Dengan akses penuh terhadap pendidikan agama, siswa tuli dapat mengembangkan pemahaman iman yang mendalam, mengajukan pertanyaan reflektif, berdiskusi secara konstruktif, serta membentuk pandangan spiritual mereka secara mandiri.
Hal ini meningkatkan rasa percaya diri dan partisipasi aktif mereka dalam proses pembelajaran.
Ketiga, penguatan komunitas Gereja.
Ketika komunitas tuli merasa diterima dan diakomodasi dengan baik, mereka akan lebih termotivasi untuk terlibat dalam dinamika kehidupan paroki, berpartisipasi dalam beragam kegiatan, serta menjadi saksi iman yang inspiratif.
Hal ini niscaya menciptakan Gereja yang lebih kaya, lebih beragam, dan benar-benar inklusif keempat, pertumbuhan profesional dan personal guru.
Menguasai bahasa isyarat memperluas wawasan guru, meningkatkan keterampilan pedagogis mereka, serta menumbuhkan kepekaan sosial dan spiritual yang mendalam.
Ini adalah investasi berharga, bukan hanya untuk kemajuan siswa, melainkan juga untuk pengembangan diri guru itu sendiri.
Tentu saja, ikhtiar ini tak terlepas dari tantangan yang menghadang. Keterbatasan sumber daya, minimnya pelatihan yang tersedia, dan adakalanya kurangnya kesadaran akan kebutuhan komunitas tuli dapat menjadi kendala yang signifikan.

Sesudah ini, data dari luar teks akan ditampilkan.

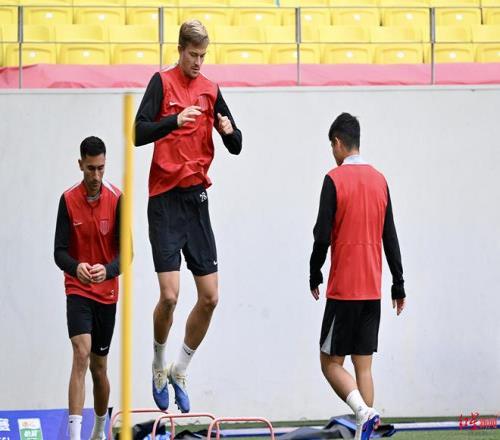 ▲成都蓉城隊員正在進行賽前踩場訓(xùn)練

Namun, tantangan ini hendaknya dipandang sebagai peluang untuk berinovasi dan berkolaborasi secara sinergis.
Berbagai komunitas dan organisasi di Indonesia telah menunjukkan komitmen yang luar biasa dalam mempromosikan dan mengajarkan bahasa isyarat, yang dapat menjadi mitra strategis bagi Gereja.
Berikut adalah beberapa contoh komunitas dan organisasi yang menyelenggarakan pelatihan bahasa isyarat di Indonesia:
Pertama, Gerakan untuk Kesejahteraan Tunarungu Indonesia (GERKATIN): Organisasi payung nasional bagi komunitas tuli di Indonesia.
GERKATIN memiliki cabang yang tersebar di berbagai kota dan secara aktif mengadvokasi hak-hak kaum tuli, serta menyelenggarakan beragam pelatihan Bahasa Isyarat Indonesia (BISINDO).
Kedua, Pusat Bahasa Isyarat Indonesia (PUSBISINDO): Lembaga yang memiliki fokus pada pengembangan, standardisasi, dan pengajaran BISINDO.